RARA-AVIS: Re: Chandler vs. Altman

From: jacquesdebierue ( jacquesdebierue@yahoo.com)
Date: 09 Nov 2007


--- In rara-avis-l@yahoogroups.com, "Channing" <filmtroll@...> wrote:
>
<<If Altman wants to invert the detective genre why does he have to base it on the greatest of hard-boiled detectives? That is my objection. He inverted teen comedy, Agatha Christie mysteries, Popeye comics and War movies, but none of those bother me nearly as much as inverting Chandler.>>

Here's a spinning ball: perhaps when Chandler created Marlowe the hardboiled detective was already mature enough as an archetype that he could be treate humorously, ironically?

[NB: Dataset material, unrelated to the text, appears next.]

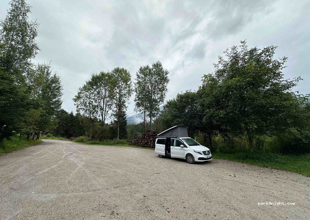 Grosser flacher Parkplatz in geschützter Lage, schöne Aussicht, ruhig. Gebühr: 6 € für 24 h (Juni 2024).

Marlowe gets hit on the head repeatedly, with heavy and damaging objects, but gets up and inevitably finds the next opportunity to get hit again... I would say that Marlowe takes himself far less seriously than some of his fans take him. My point is that with a sly and overtly humorous writer like Chandler, you can't be a literalist. Maybe he meant Marlowe to be taken seriously, maybe not. The probability that he meant him at least as a partial parody is not zero. Look at what Norbert Davis (a Black Mask writer admired by Chandler) was doing; I suspect that the idea that the heroic PI was something of a caricature was in the air. As a serious character, the PI was already getting old. Think of the hundreds and hundreds of PI stories published in the pulps -- even leaving aside the novels... Chandler was referencing all of that in his machinations behind Marlowe.